Sicherer ist der Nachweis direkt aus der Schleimhaut betroffener Dickdarmabschnitte (Caecum und Colon).
Bei dem kulturellen Nachweis werden die Brachyspiren unter anaeroben Bedingungen angezüchtet. Es gibt bei dieser Methode keine falsch positiven Ergebnisse, wohl aber falsch negative. Trotz negativer PCR kann die Kultur positiv sein. Ist die Kultur positiv, wird in einem zweiten Schritt die Differenzierung zwischen pathogen oder apathogen durchgeführt. Mittels der PCR werden mit molekulargenetischen Verfahren bestimmte DNA-Abschnitte dargestellt. Je nach Größe des betrachteten Genomabschnittes ist die Sensitivität dieses Testes unterschiedlich. Auch hier gibt es keine falsch positiven Ergebnisse, sehr wohl aber falsch negative. Kreuzreaktionen zwischen den verschiedenen Brachyspira-Serotypen sind nicht bekannt.

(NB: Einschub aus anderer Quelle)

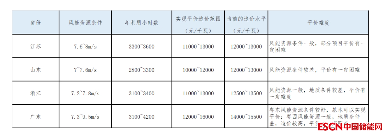 可見,在0.193元/千瓦時的電價下,這個項目只能是賠本買賣。其他主要海上風(fēng)電省份的風(fēng)能資源稟賦與地質(zhì)條件普遍相對較差,目前除了個別項目外,大部分地區(qū)的海上風(fēng)電項目并不具備平價的條件。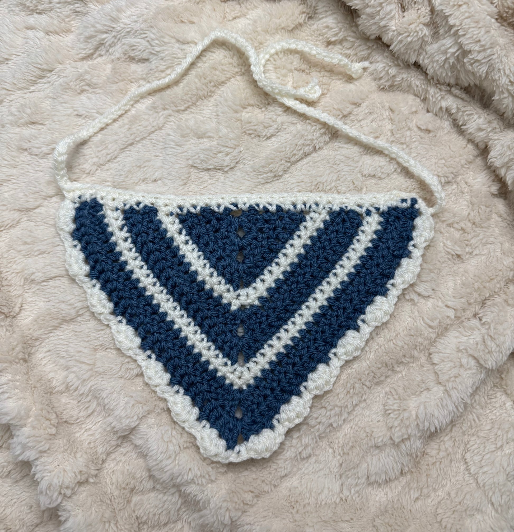 Add a splash of charm to any outfit with this playful Crochet Bandana in cheerful blue and white. Its soft, breathable texture keeps you comfy while the classic crochet pattern brings a touch of handmade whimsy. Perfect for brightening up your look or adding a fun twist to a casual day out!

Zusammenfassend kann postuliert werden, das immer dann wenn auch nur eine einzige Probe ein positives Ergebnis auf Br. hyodysenteriae zeigt, von einer Dysenterieerkrankung bzw. Infektion ausgegangen werden muß.
Latent infizierte, klinisch unauffällige Sauenbestände gelten als Erregerreservoir. Der Eintrag in die Mast erfolgt am häufigsten über infizierte Ferkel. Darüber hinaus kommen Schadnager, Hunde, Katzen, Vögel und Fliegen als Überträger in Betracht.
Die Verlaufsform der Erkrankung kann von akut mit Todesfällen bis chronisch sehr unterschiedlich sein. Dies wird maßgeblich von weiteren Faktoren bestimmt (siehe: Fall des Monats März 2008).
Wichtigste Vorbeugemaßnahme besteht in der Vermeidung der Einschleppung. Der Ferkel- und auch Jungsauenbezug sollte daher immer aus bekannten, gesicherten, überwachten Herkünften stattfinden.
Bei klinischer Dysenterie ist die orale Behandlung nach einem Antibiogramm angezeigt. In hartnäckigen Fällen mit sehr pathogenen Typen kann eine Räumung das einzige Mittel der Wahl sein. Dabei muss die Gülle komplett entfernt und die Kanäle gründlich z.B. mit einem Cyanamidpräparat desinfiziert werden. In Gülle können die Erreger bis zu 200 Tage überlebensfähig bleiben. In trockener, warmer Umgebung (20°C) überleben die Erreger nuur max.14 Tage. Aus diesem Grund sollte eine Räumung, aber auch ein Sanierungsversuch im Sauenbetrieb immer in den Sommermonaten stattfinden. Parallel dazu ist eine effektive Schadnager- und Fliegenbekämpfung durchzuführen, sowie in Mastbetrieben eine Leerstehphase einzuplanen.